--- Supplied records ---
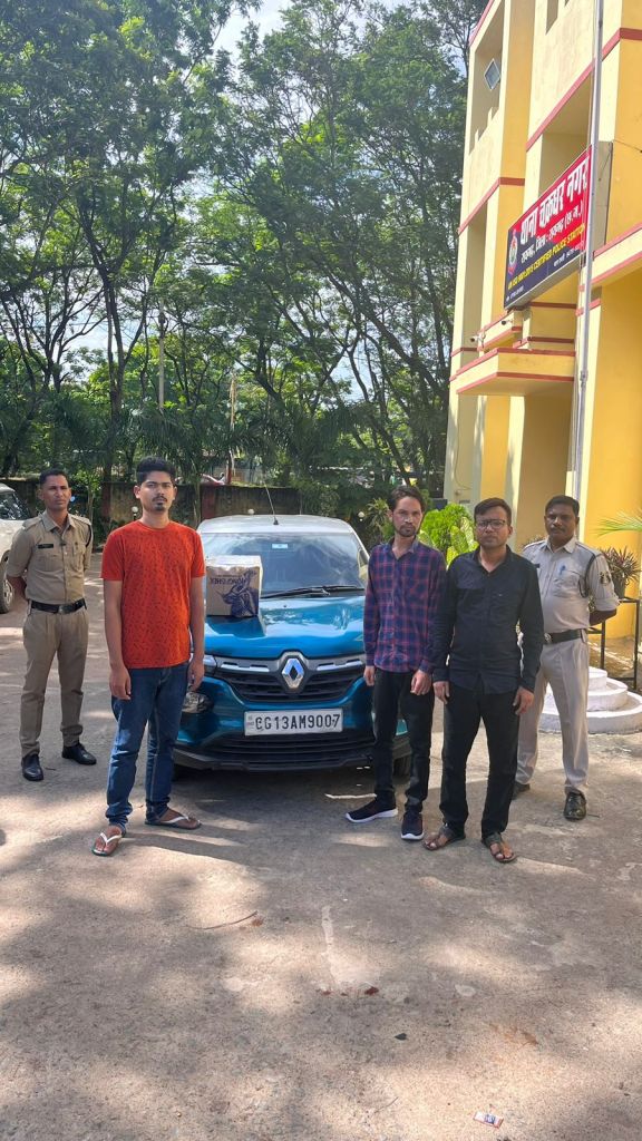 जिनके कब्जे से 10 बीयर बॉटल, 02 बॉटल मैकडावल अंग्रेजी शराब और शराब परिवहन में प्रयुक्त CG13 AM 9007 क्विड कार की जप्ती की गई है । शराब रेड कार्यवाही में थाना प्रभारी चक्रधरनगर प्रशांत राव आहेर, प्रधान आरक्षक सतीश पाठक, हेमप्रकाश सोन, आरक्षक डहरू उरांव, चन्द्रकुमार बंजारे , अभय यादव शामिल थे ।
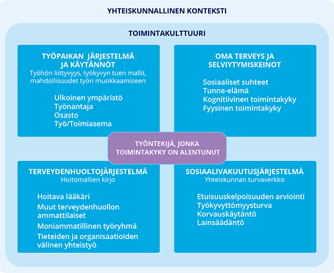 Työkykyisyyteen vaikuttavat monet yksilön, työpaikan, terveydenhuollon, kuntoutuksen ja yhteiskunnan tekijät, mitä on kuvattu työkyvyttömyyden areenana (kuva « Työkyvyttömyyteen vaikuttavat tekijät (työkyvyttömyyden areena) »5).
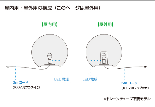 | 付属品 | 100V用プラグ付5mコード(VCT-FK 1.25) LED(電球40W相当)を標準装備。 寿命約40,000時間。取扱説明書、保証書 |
...
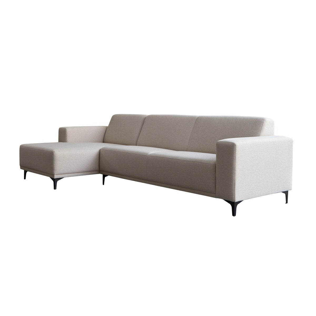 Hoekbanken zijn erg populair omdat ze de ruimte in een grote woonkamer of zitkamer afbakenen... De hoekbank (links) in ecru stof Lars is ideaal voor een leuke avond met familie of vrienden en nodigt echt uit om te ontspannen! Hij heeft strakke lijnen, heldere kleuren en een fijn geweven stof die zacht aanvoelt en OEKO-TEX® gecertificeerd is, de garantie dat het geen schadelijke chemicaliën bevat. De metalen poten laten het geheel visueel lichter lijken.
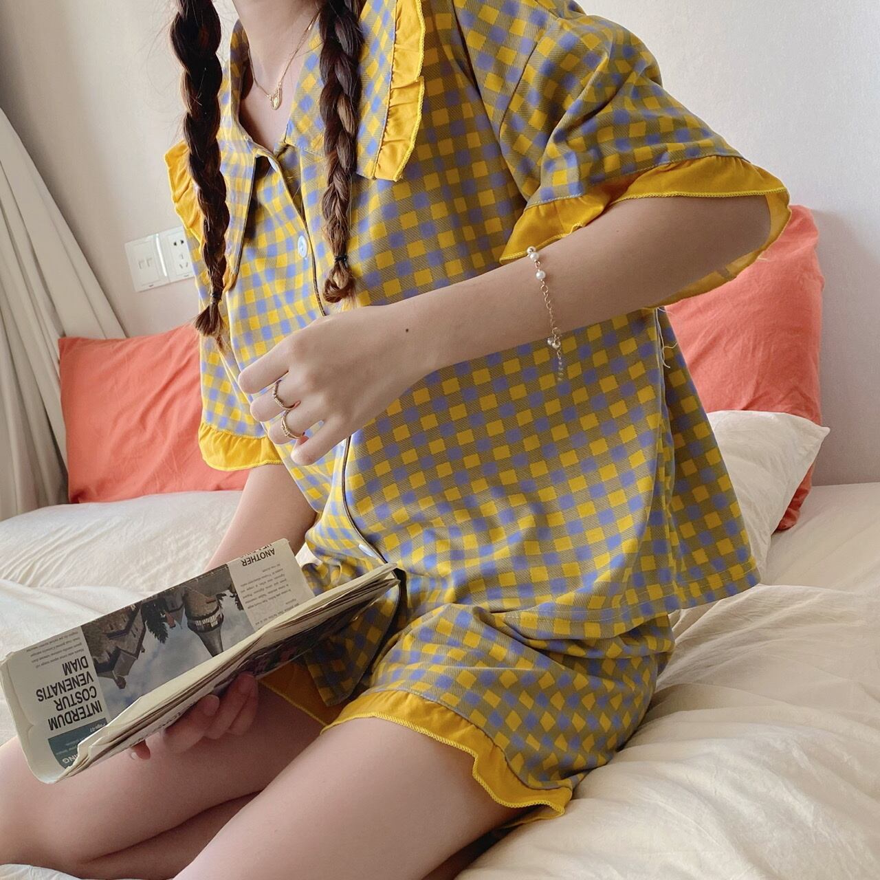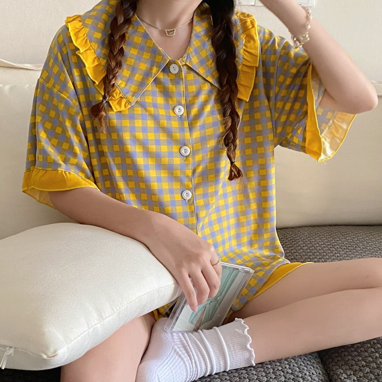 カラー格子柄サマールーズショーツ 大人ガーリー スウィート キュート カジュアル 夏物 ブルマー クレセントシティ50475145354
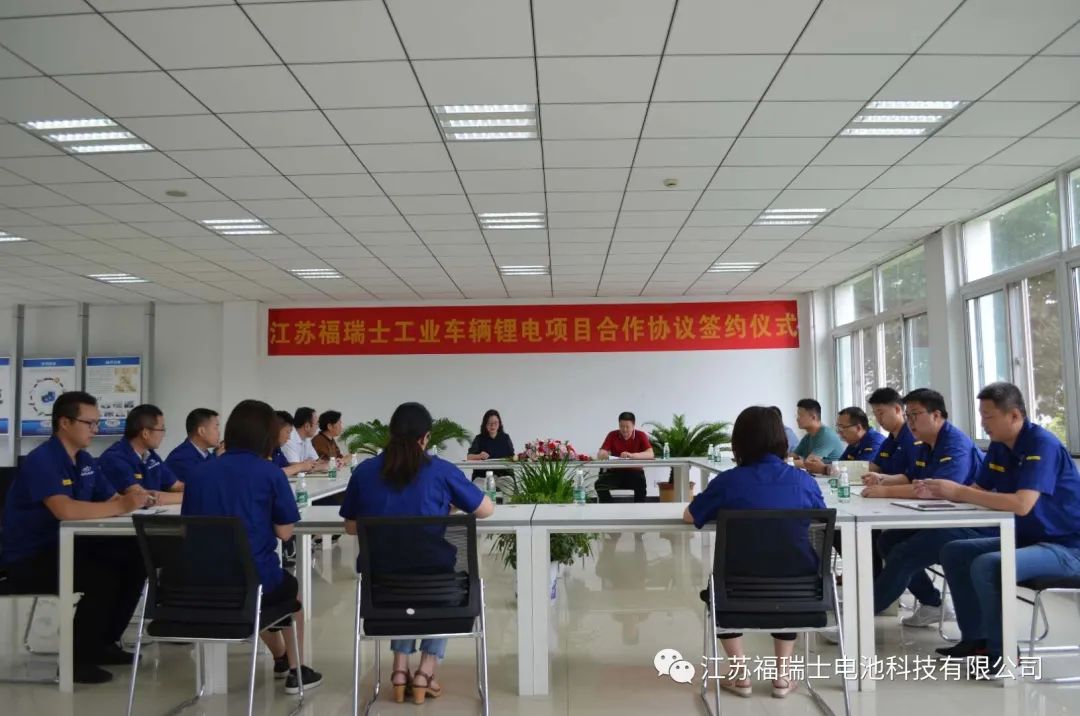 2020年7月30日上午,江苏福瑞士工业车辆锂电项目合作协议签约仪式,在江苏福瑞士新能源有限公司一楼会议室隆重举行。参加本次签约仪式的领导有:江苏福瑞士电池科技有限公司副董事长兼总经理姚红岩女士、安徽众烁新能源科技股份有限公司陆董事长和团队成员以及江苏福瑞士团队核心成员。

--- Work to complete ---
Above this task is a listing with pictures in it. Retype only the lines from the one containing "जिनके कब्जे से" through the one containing "Työkykyisyyteen vaikuttavat monet", both included, and not the pictures.

--- Task response ---
 जिनके कब्जे से 10 बीयर बॉटल, 02 बॉटल मैकडावल अंग्रेजी शराब और शराब परिवहन में प्रयुक्त CG13 AM 9007 क्विड कार की जप्ती की गई है । शराब रेड कार्यवाही में थाना प्रभारी चक्रधरनगर प्रशांत राव आहेर, प्रधान आरक्षक सतीश पाठक, हेमप्रकाश सोन, आरक्षक डहरू उरांव, चन्द्रकुमार बंजारे , अभय यादव शामिल थे ।
 Työkykyisyyteen vaikuttavat monet yksilön, työpaikan, terveydenhuollon, kuntoutuksen ja yhteiskunnan tekijät, mitä on kuvattu työkyvyttömyyden areenana (kuva « Työkyvyttömyyteen vaikuttavat tekijät (työkyvyttömyyden areena) »5).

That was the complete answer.